## EXERCISE DETAILS
Write out, word for word and with no pictures, each line below from the one containing "谷町線 東梅田駅上、A-TIME 梅田御堂筋店様前)より無料シャトルバス運行(平日のみ)" through the one containing "Effects of different", both included, and no other line.

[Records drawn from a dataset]

---

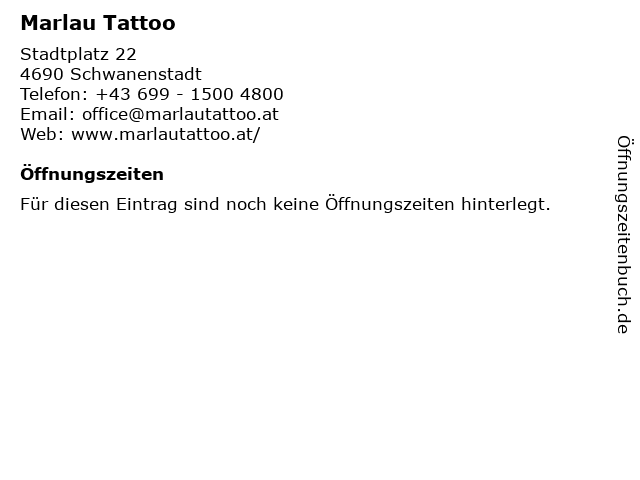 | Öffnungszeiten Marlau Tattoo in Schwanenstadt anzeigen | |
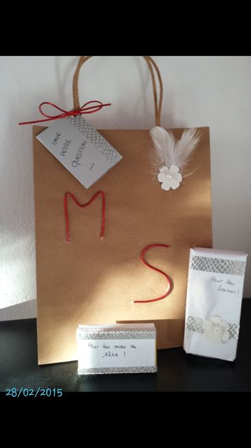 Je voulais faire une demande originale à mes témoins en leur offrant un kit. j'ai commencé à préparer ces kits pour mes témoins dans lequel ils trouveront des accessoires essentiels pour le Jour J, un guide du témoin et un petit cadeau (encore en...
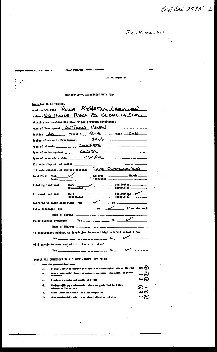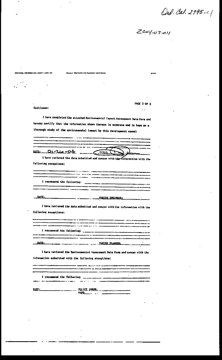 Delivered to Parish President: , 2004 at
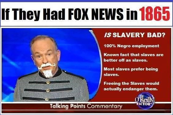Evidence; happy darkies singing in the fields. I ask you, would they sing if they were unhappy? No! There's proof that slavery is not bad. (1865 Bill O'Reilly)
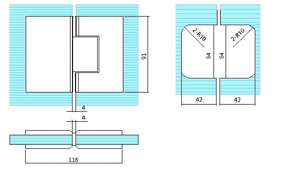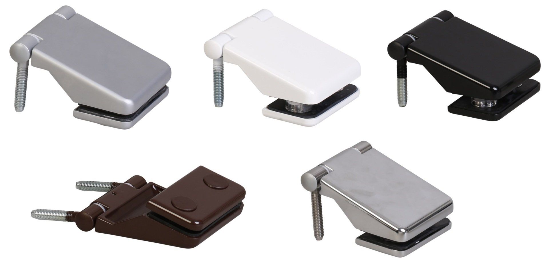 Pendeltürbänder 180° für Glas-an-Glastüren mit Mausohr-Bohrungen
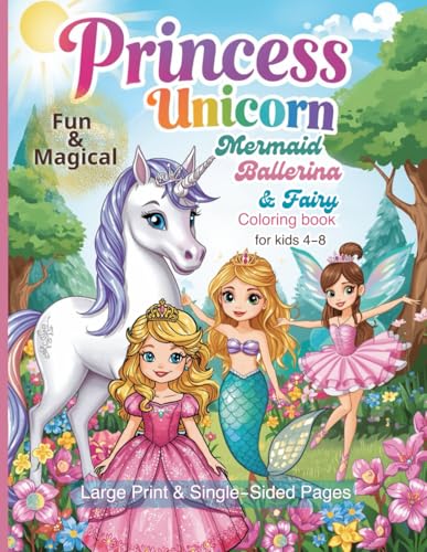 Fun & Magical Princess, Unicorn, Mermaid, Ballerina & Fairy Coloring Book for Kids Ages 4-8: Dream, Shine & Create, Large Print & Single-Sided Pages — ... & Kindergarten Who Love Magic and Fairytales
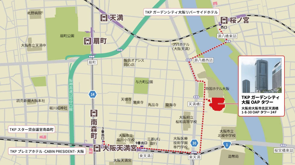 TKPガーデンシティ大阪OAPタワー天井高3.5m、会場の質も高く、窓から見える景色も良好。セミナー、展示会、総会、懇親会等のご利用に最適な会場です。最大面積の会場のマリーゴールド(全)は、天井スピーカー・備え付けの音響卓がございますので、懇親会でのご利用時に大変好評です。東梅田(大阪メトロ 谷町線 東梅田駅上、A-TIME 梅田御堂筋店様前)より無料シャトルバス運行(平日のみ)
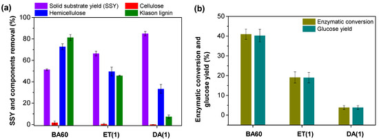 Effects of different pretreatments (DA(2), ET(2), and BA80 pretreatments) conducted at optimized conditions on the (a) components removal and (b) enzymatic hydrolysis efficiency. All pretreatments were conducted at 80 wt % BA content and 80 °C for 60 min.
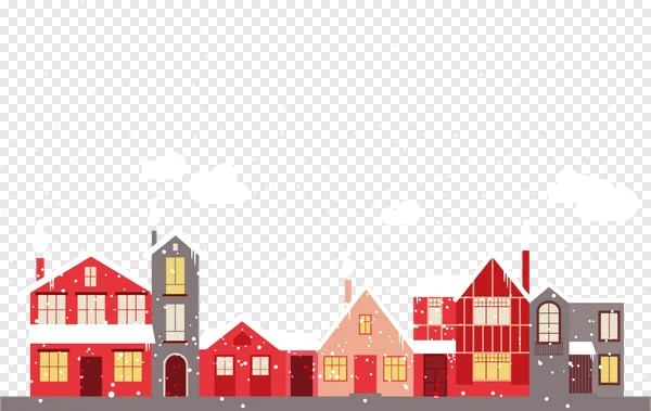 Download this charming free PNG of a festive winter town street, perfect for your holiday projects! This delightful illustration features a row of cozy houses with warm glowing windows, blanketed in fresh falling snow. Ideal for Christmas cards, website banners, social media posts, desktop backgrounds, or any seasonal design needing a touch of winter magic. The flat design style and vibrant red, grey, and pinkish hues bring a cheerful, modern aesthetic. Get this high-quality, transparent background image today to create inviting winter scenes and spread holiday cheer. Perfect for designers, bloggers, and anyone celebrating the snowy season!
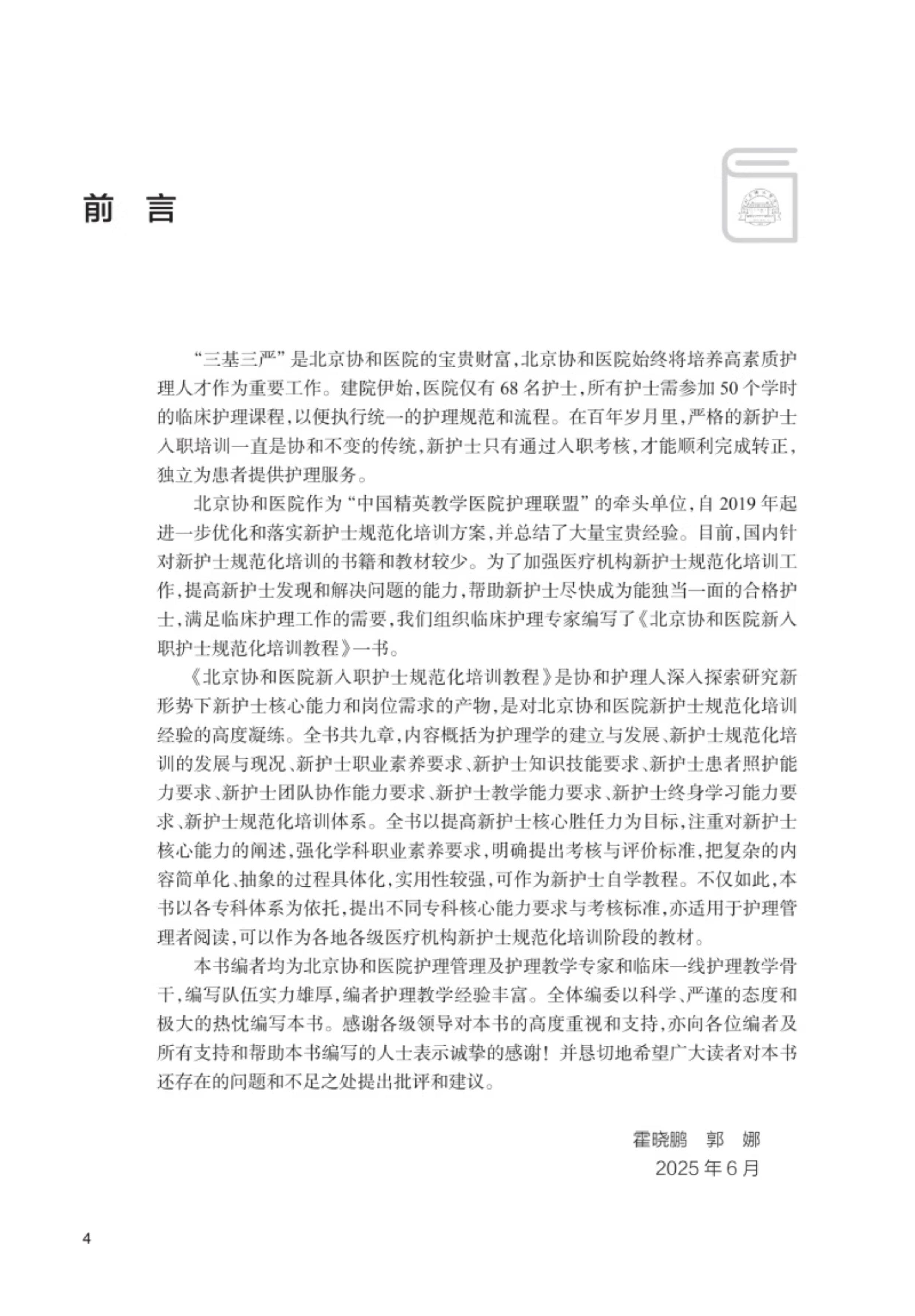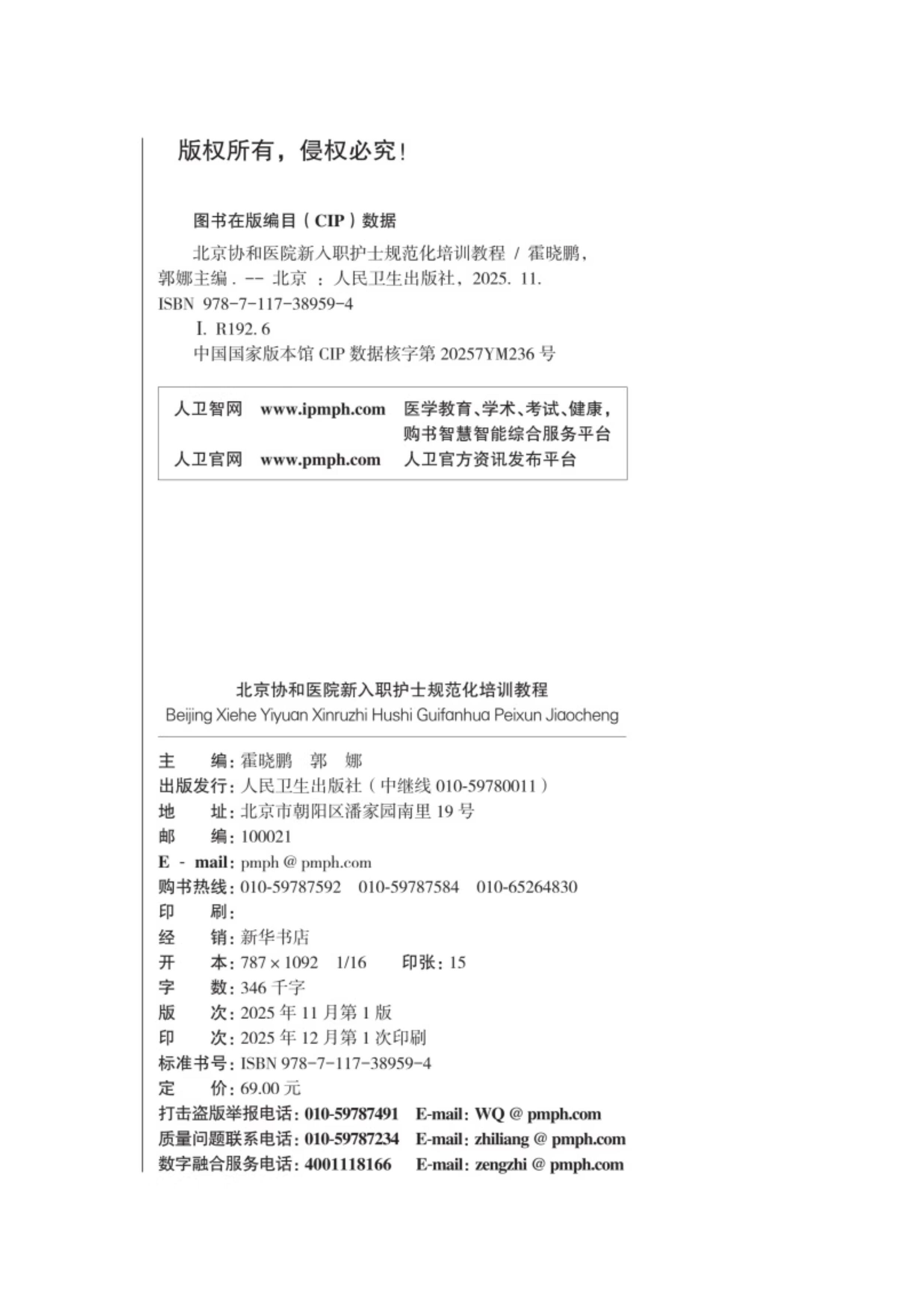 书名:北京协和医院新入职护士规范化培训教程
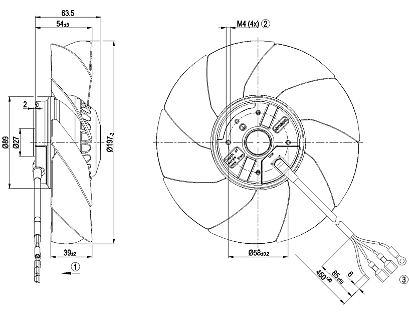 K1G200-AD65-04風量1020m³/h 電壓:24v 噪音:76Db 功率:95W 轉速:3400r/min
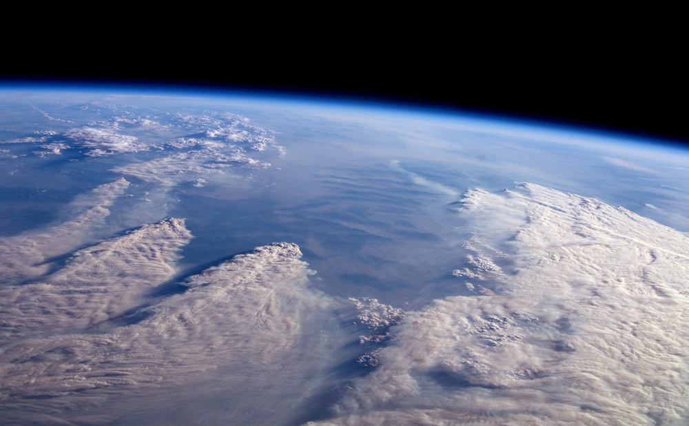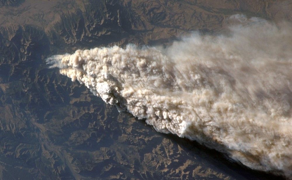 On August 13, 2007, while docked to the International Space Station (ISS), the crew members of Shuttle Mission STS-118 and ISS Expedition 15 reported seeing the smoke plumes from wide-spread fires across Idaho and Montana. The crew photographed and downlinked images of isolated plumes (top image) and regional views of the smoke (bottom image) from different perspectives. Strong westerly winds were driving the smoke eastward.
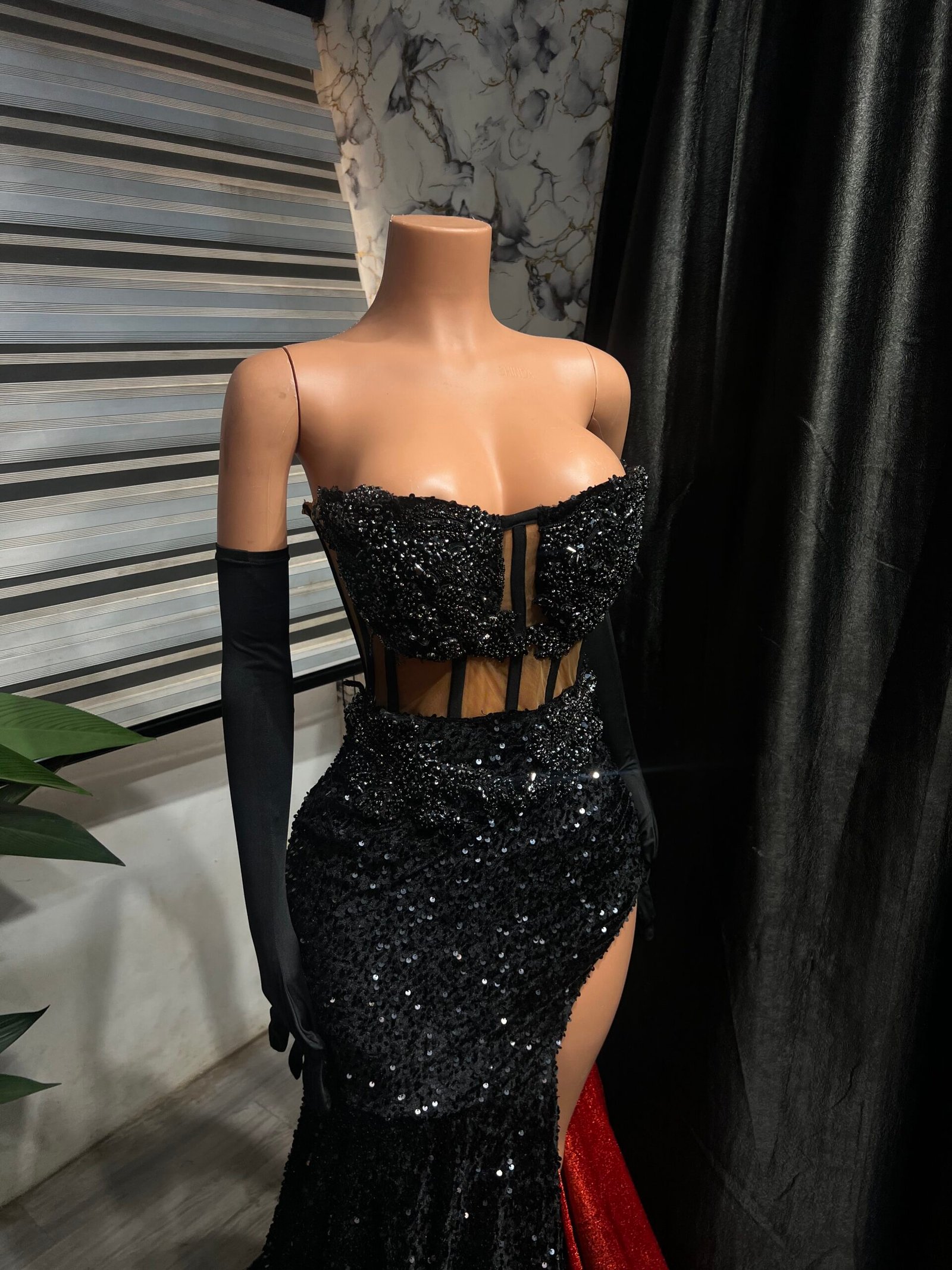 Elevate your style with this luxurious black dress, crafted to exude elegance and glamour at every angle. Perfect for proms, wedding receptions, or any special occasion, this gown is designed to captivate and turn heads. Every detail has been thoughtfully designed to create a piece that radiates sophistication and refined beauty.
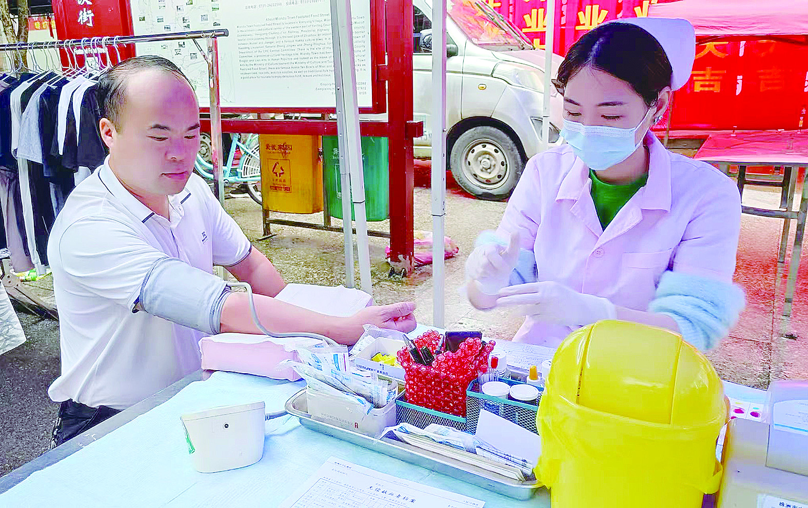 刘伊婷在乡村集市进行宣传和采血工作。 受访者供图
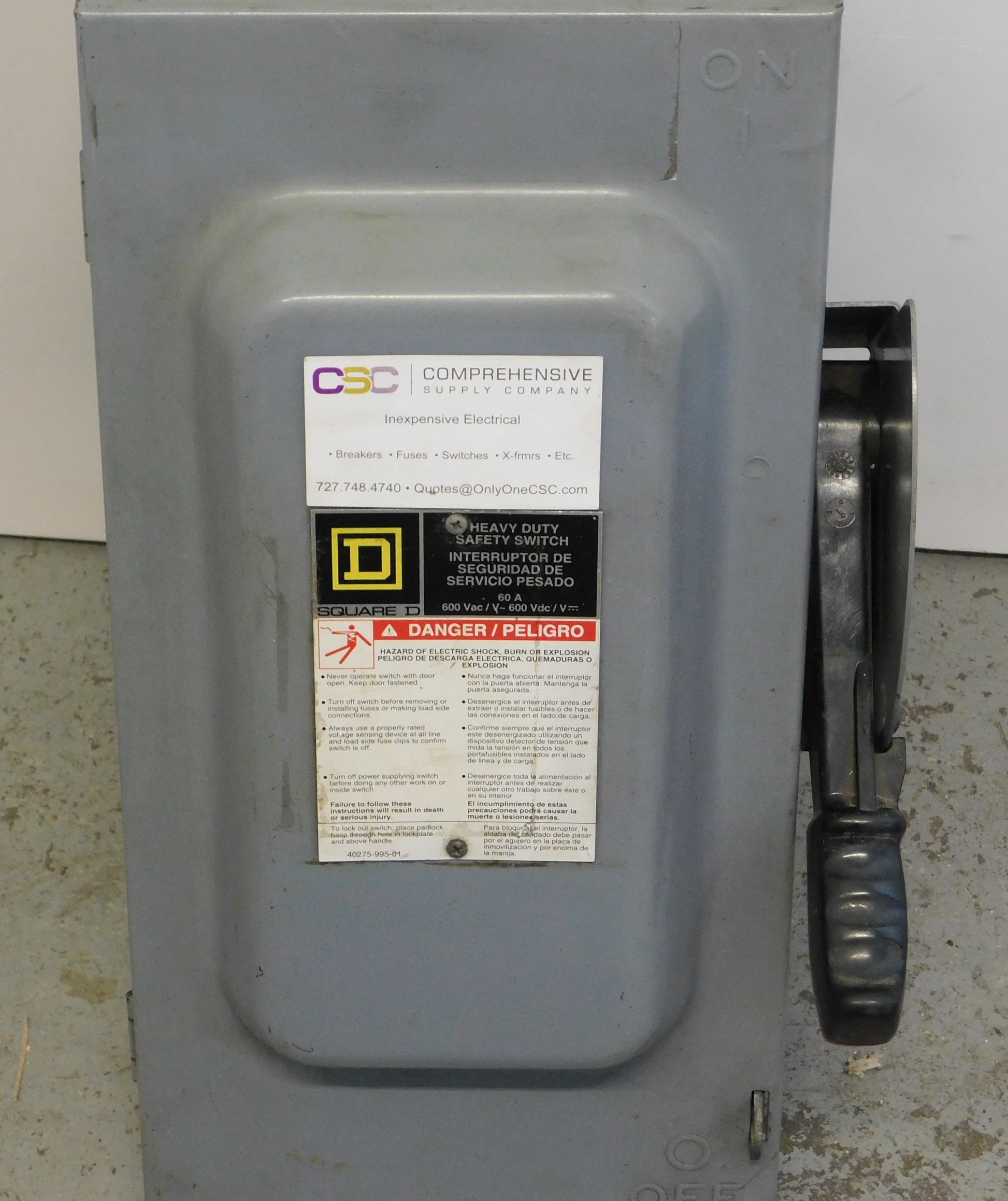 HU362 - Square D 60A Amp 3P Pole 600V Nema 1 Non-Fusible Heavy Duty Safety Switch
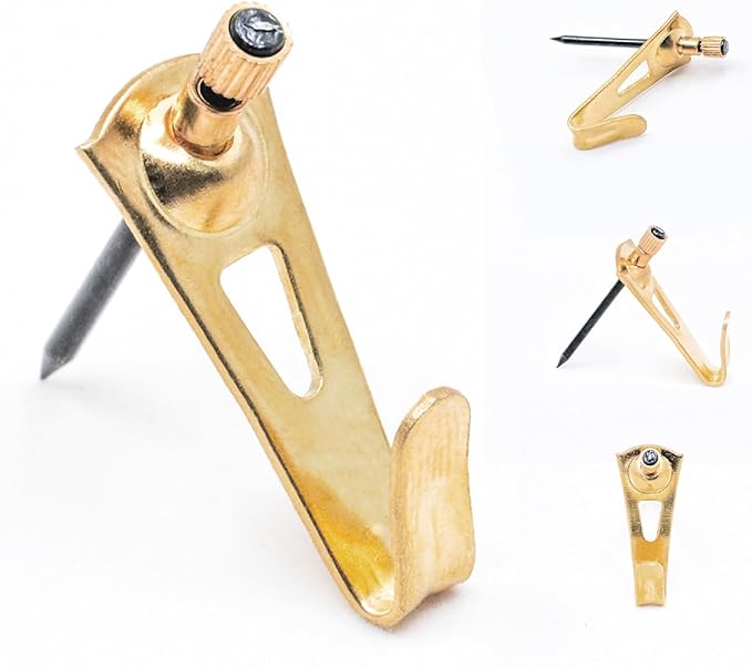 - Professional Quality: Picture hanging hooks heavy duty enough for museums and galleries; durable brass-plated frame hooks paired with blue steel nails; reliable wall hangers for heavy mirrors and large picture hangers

---

## SOLUTION TO THIS EXERCISE
 TKPガーデンシティ大阪OAPタワー天井高3.5m、会場の質も高く、窓から見える景色も良好。セミナー、展示会、総会、懇親会等のご利用に最適な会場です。最大面積の会場のマリーゴールド(全)は、天井スピーカー・備え付けの音響卓がございますので、懇親会でのご利用時に大変好評です。東梅田(大阪メトロ 谷町線 東梅田駅上、A-TIME 梅田御堂筋店様前)より無料シャトルバス運行(平日のみ)
 Effects of different pretreatments (DA(2), ET(2), and BA80 pretreatments) conducted at optimized conditions on the (a) components removal and (b) enzymatic hydrolysis efficiency. All pretreatments were conducted at 80 wt % BA content and 80 °C for 60 min.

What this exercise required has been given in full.